[Information shown Boundary: Start]

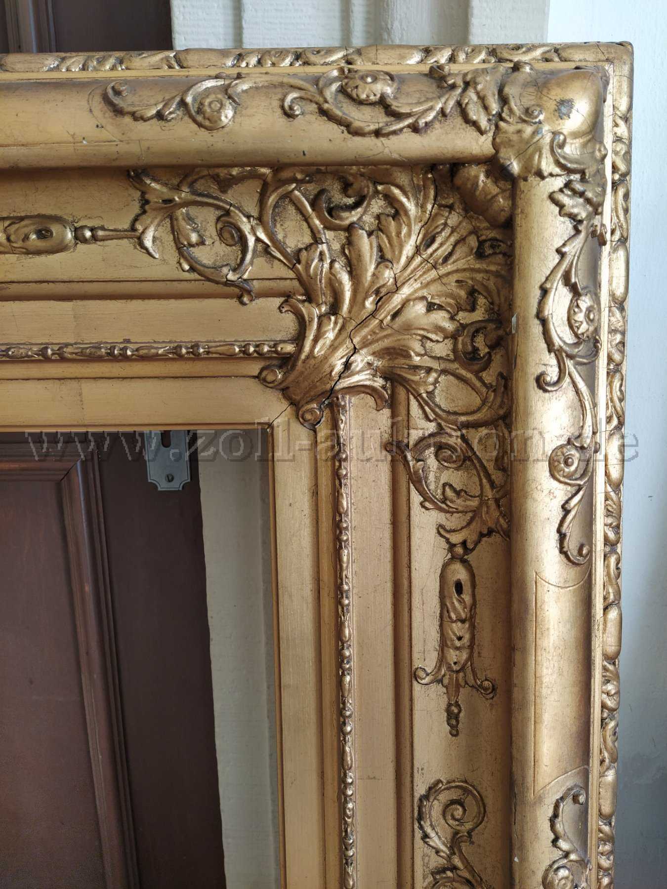 Der Rahmen ist restaurierungsbedürftig - auf der Vorderseite befinden sich viele Risse und Abplatzungen (siehe Fotos).
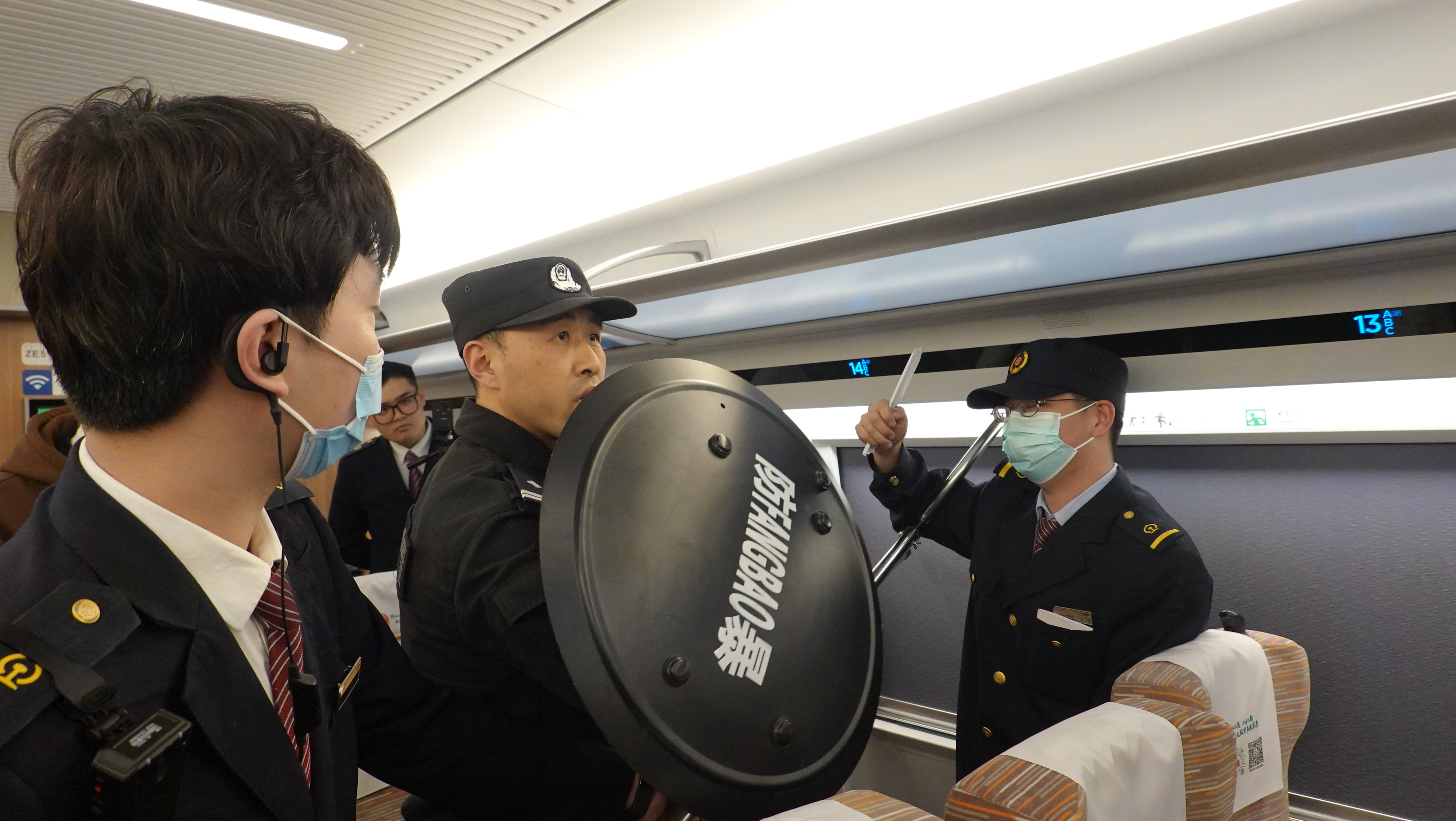 民警在列车上展开反恐防暴培训。图源:北京铁警
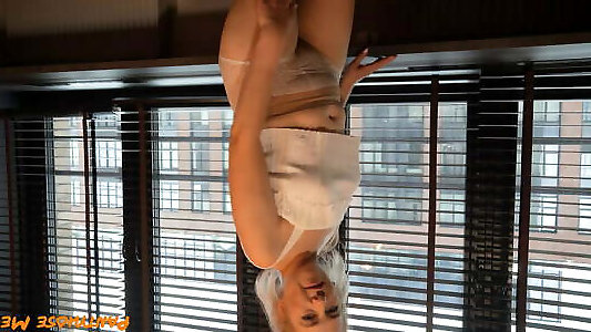 Blond nylon babe shows nylon ass and nylon feet and masturbate her pussy in pantyhose

[Information shown Boundary: End]

## Your assignment
Retype all of the material above exactly; the pictures stay out.

## Exercise result
 Der Rahmen ist restaurierungsbedürftig - auf der Vorderseite befinden sich viele Risse und Abplatzungen (siehe Fotos).
 民警在列车上展开反恐防暴培训。图源:北京铁警
 Blond nylon babe shows nylon ass and nylon feet and masturbate her pussy in pantyhose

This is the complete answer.